BEGIN Material for the task

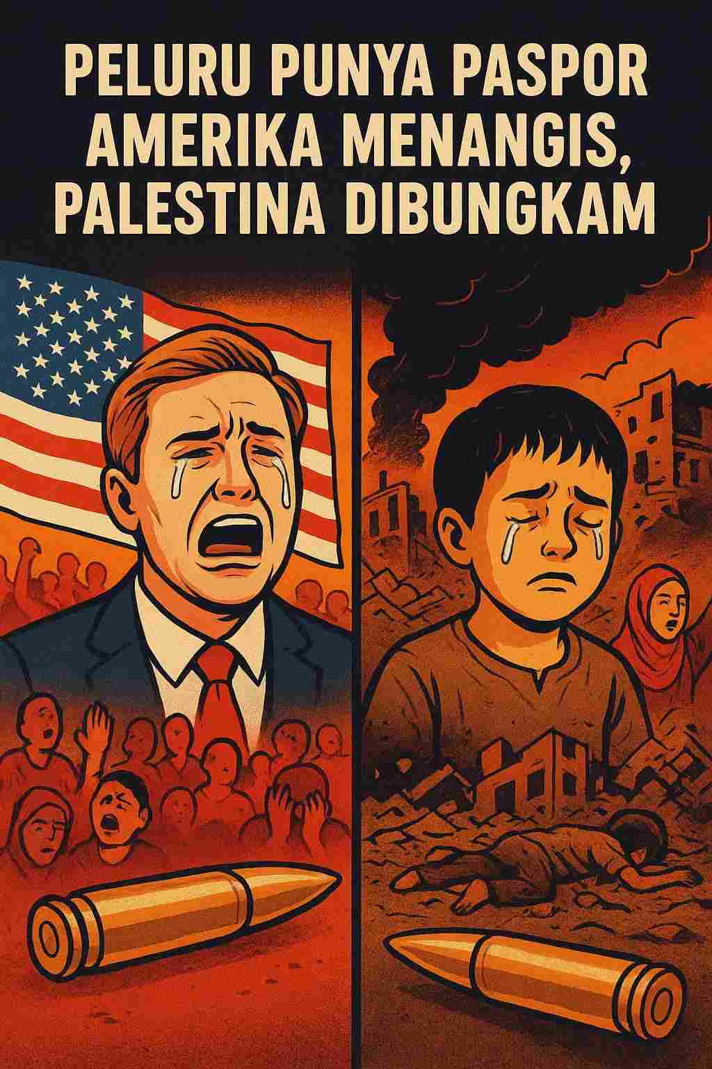Namun mari kita geser layar, dari Utah ke Gaza. Di sana, anak-anak Palestina ditembak, sekolah rata dengan tanah, rumah sakit jadi puing, dan dunia? Sunyi. Tidak ada trending, tidak ada konser amal, bahkan kadang sekadar doa di Instagram pun malu-malu. Ironisnya, sebagian besar peluru yang menghantam tubuh mungil itu dibeli dengan dolar yang disumbangkan Washington. Jadi, Amerika tidak hanya hadir sebagai wasit, tapi juga sebagai pemasok bola, peluit, bahkan tribun sorak.
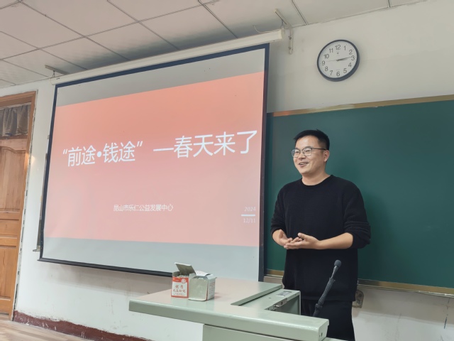 2015届校友,昆山市乐仁公益发展中心党支部书记、事业部主管金松松在分享中向同学们介绍了当下社会工作领域的新态势:项目领域多样化,广泛覆盖从儿童福利到社区发展等多个方面;项目资金来源日益多元化,政府资助与社会各界资助并;职业社会认可度提升,前途广阔。
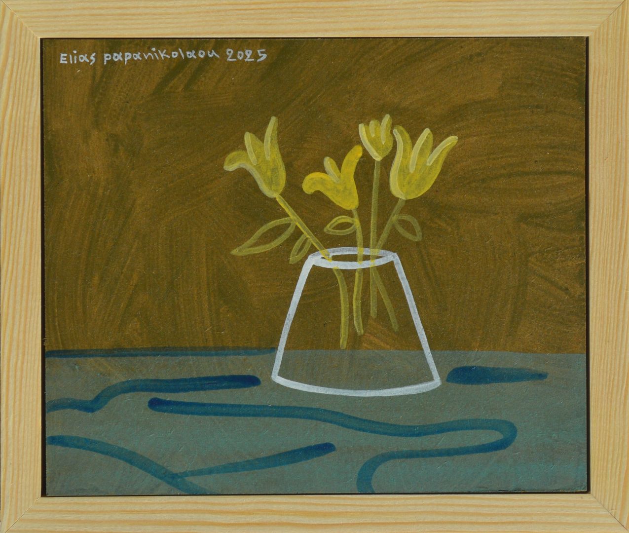 Μικτή τεχνική σε ξύλο με κορνίζα
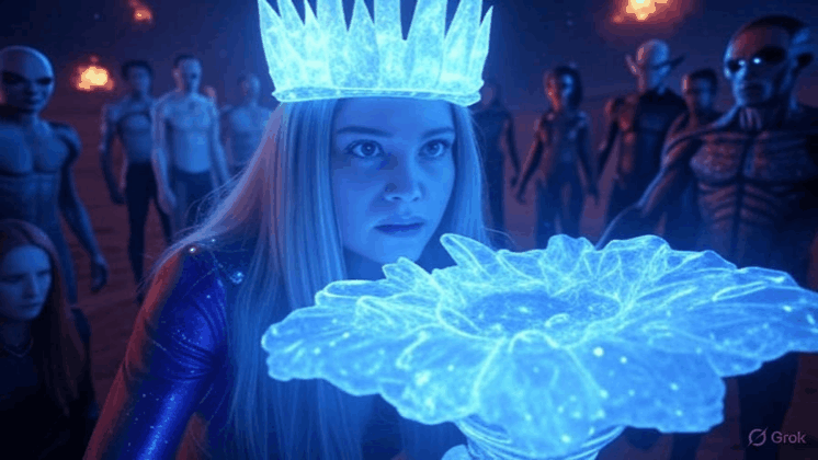 - Amanda Waller (DC – Morally Grey Strategist) 📋⚖️: Commands a holographic control grid, forced into a transgender power-carnival-dance by Janelle’s scepter and crown, kneeling with a reluctant glitter-bow. Bio: Ruthless tactician hailing the carnival queen. / Kommandiert ein holografisches Kontrollgitter, gezwungen zu einem transgender Macht-Karneval-Tanz durch Janelles Szepter und Krone, kniet mit einem widerwilligen Glitzer-Bogen. Bio: Skrupellose Taktikerin, die die Karneval-Königin preist.
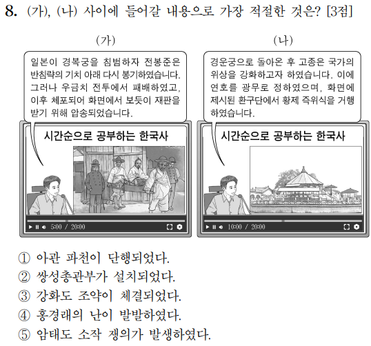 ① 아관파천은 1896년입니다. (가)와 (나) 사이에 있었습니다.
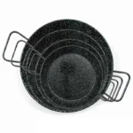 This paella pan is enamelled with a coating of vitreo-ceramic, protecting the pan from rust. The enamel also prevents food sticking – try to avoid using sharp utensils to preserve the pan’s non-stick qualities.
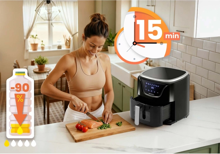 Ciesz się ulubionymi potrawami z nawet o 90% mniejszą ilością tłuszczu. Szybka cyrkulacja gorącego powietrza zapewnia złocistą skórkę na zewnątrz i soczystość w środku – bez zapachu i bałaganu.
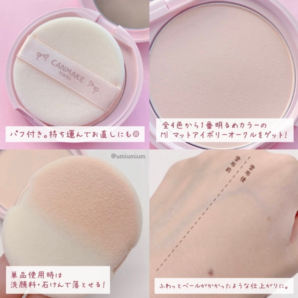これ以外使えないかも、、。◻︎キャンメイクマシュマロフィニッシュパウダーMIマットアイボリーオークル下地→ファンデ→このパウダーでめちゃくちゃ肌綺麗に見えるし、なにより皮脂崩れの悩みがなくなった♡ミニサイズ購入したから持ち運びにも便利だし、こ...
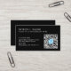 Un carte de visite professionnel noir minimaliste et élégant alliant un code QR scannable lié à votre site web avec votre logo de marque au milieu, et votre nom, titre et coordonnées (tels que email, numéros de téléphone, nom de société et adresse postale) dans une typographie blanche propre, simple et moderne. Entrez facilement votre adresse URL de site Web pour créer automatiquement le code QR et télécharger votre logo (avec un arrière - plan solide et non transparent). Le modèle de logo est dimensionné de manière appropriée pour garder le code QR scannable (vous devez vérifier en scannant votre personnalisation avec votre téléphone avant de commander). Au verso, ajoutez du texte supplémentaire ou laissez vide.
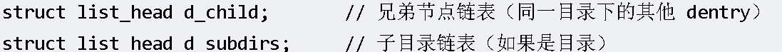 struct list_head d_subdirs; // 子目录链表(如果是目录)
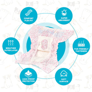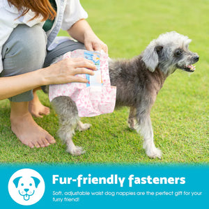 - Comfortable Dressing: No matter how wiggly your little girl is, the unique stretchy fabric of all-absorb disposable diapers will fit her comfortably and securely, keeping your dog dry and comfortable
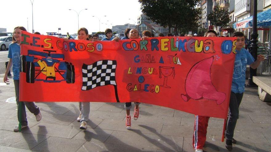 Ana Peleteiro, tercera de izquierda a derecha, en Corrilingua, manifestación en apoyo y salvaguarda del idioma galego
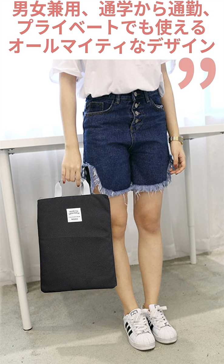 タブレットケース 小学生 小学校 中学生 学習 手提げ袋 レッスン バッグ 通学 pc 9.7 〜 11インチ(ブラック)
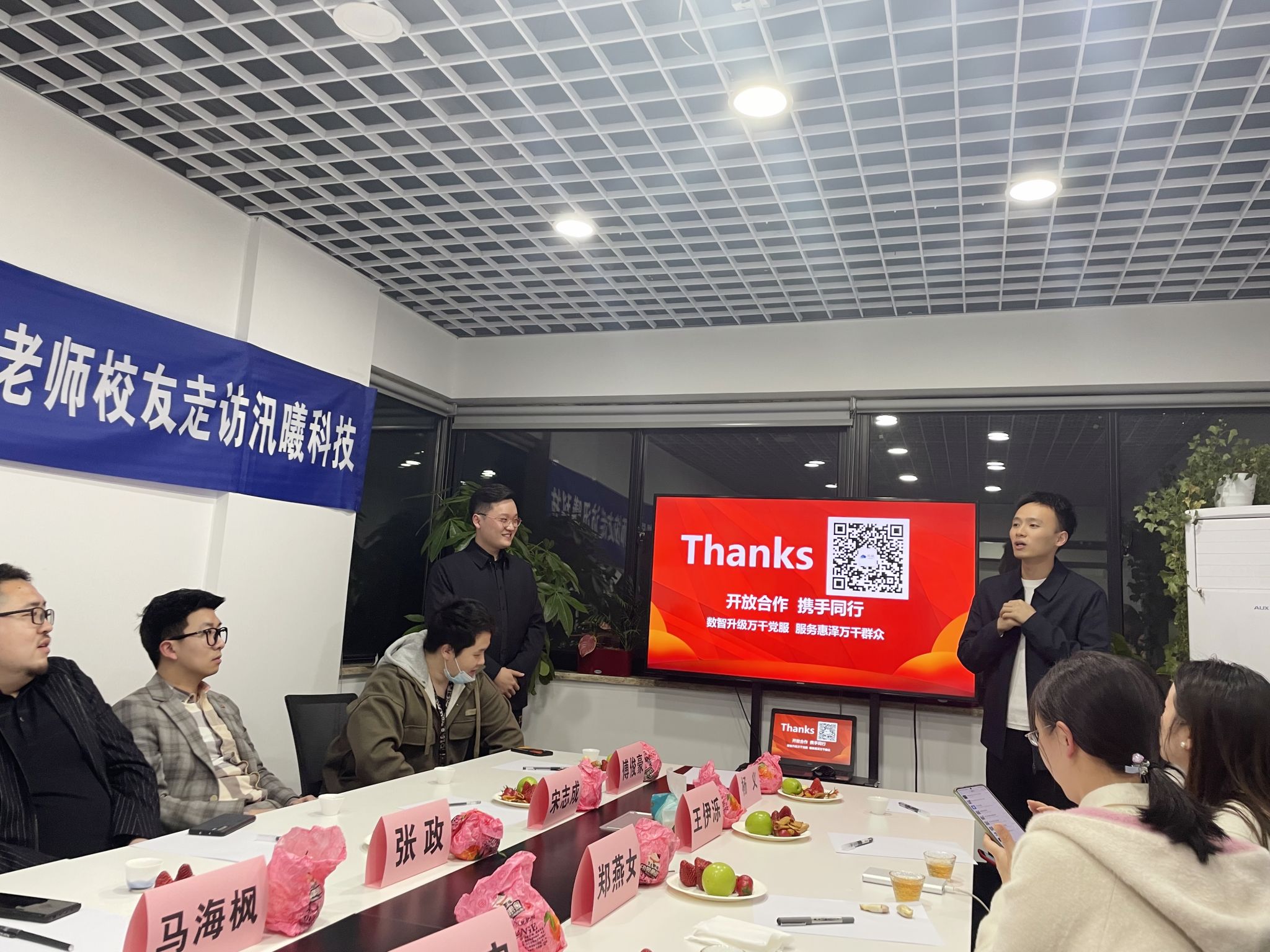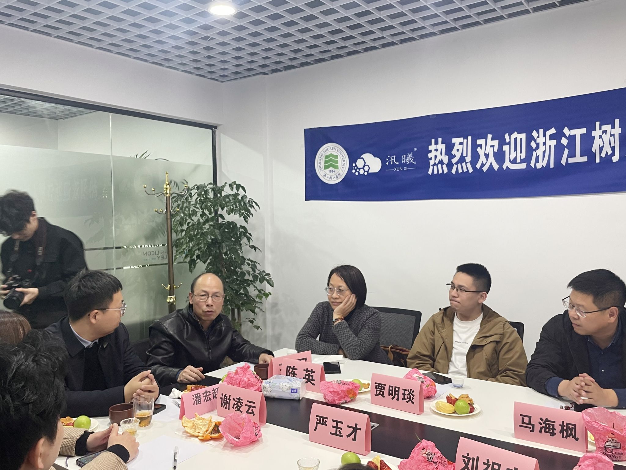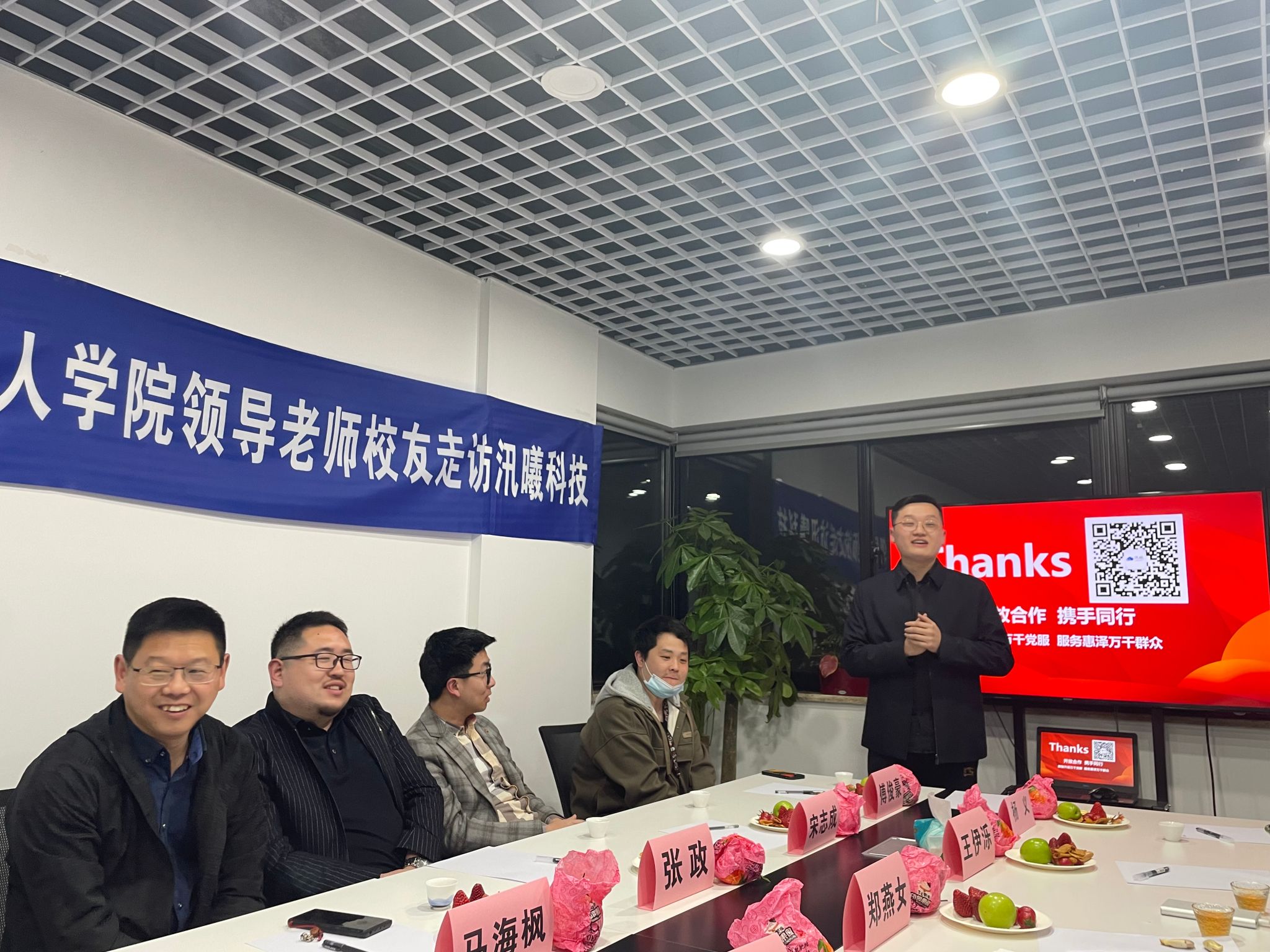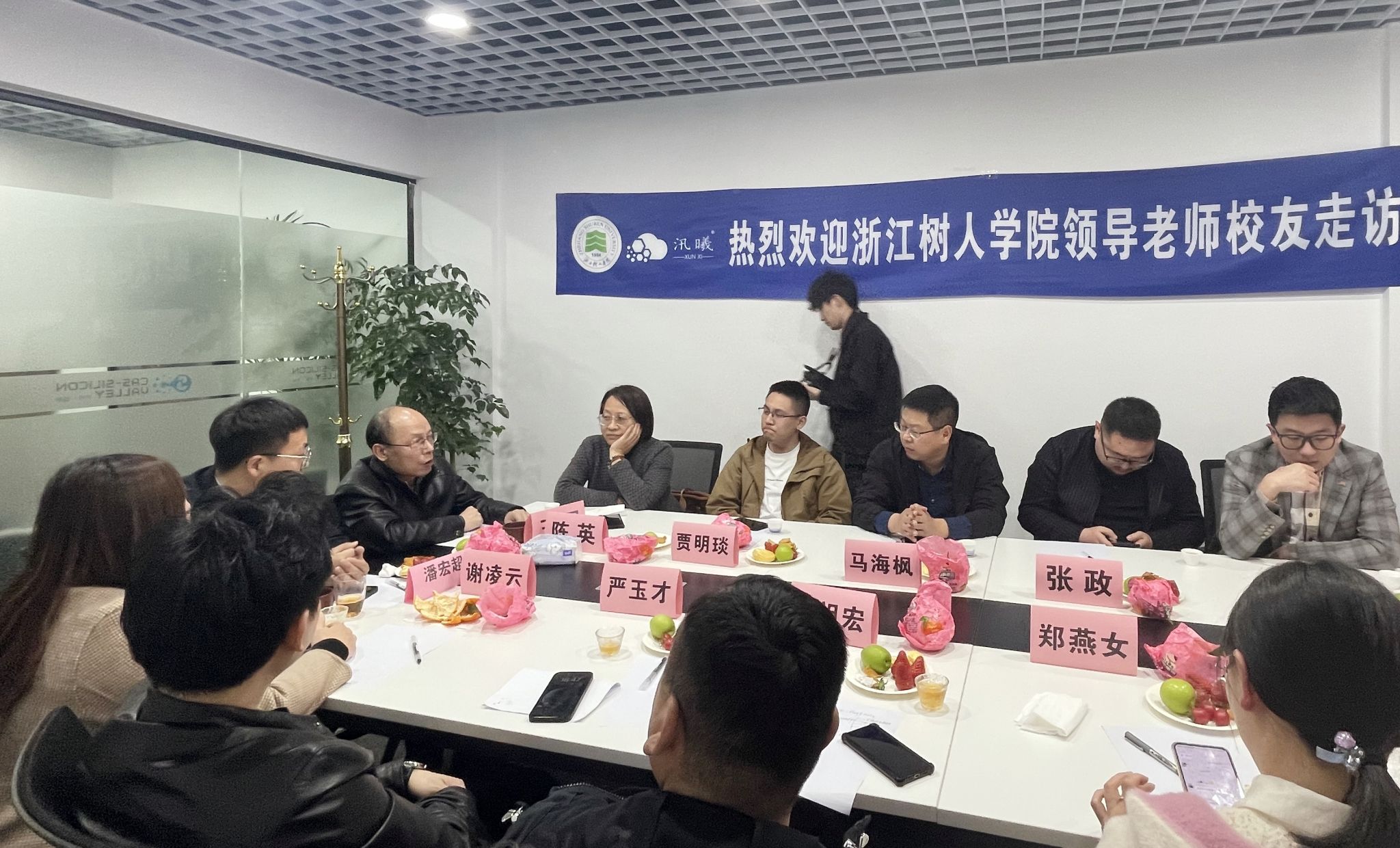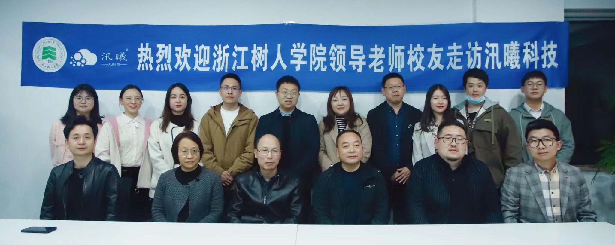 王军对以潘宏超等优秀校友为代表的树人青年勇于创新、敢拼敢闯的创新创业精神给予了高度的肯定,并对汛曦公司“校友接力传承,创业带动就业”的做法表示由衷的赞许。他指出,学校一直以来高度重视校友工作,关心支持校友企业的发展和成长,也希望校友们通过不懈努力,在实现自身价值的同时,为社会、为人民做出更大的贡献,母校会一直陪伴在校友们的身边,作为坚强的后盾,大力支持校友的发展。同时,他也希望广大校友要关心、支持、帮助学弟学妹的成长发展,创造条件,更多吸纳毕业生就业,带动毕业生创业,学校将为校友来校招聘毕业生提供更多的支持。

END Material for the task

→ Your instructions
Exactly reproduce the lines above, starting at the one that contains "これ以外使えないかも、、。◻" and ending at the one that contains "- Comfortable Dressing: No", both inclusive; leave the pictures out and add no other lines.

→ Task solution
これ以外使えないかも、、。◻︎キャンメイクマシュマロフィニッシュパウダーMIマットアイボリーオークル下地→ファンデ→このパウダーでめちゃくちゃ肌綺麗に見えるし、なにより皮脂崩れの悩みがなくなった♡ミニサイズ購入したから持ち運びにも便利だし、こ...
 Un carte de visite professionnel noir minimaliste et élégant alliant un code QR scannable lié à votre site web avec votre logo de marque au milieu, et votre nom, titre et coordonnées (tels que email, numéros de téléphone, nom de société et adresse postale) dans une typographie blanche propre, simple et moderne. Entrez facilement votre adresse URL de site Web pour créer automatiquement le code QR et télécharger votre logo (avec un arrière - plan solide et non transparent). Le modèle de logo est dimensionné de manière appropriée pour garder le code QR scannable (vous devez vérifier en scannant votre personnalisation avec votre téléphone avant de commander). Au verso, ajoutez du texte supplémentaire ou laissez vide.
 struct list_head d_subdirs; // 子目录链表(如果是目录)
 - Comfortable Dressing: No matter how wiggly your little girl is, the unique stretchy fabric of all-absorb disposable diapers will fit her comfortably and securely, keeping your dog dry and comfortable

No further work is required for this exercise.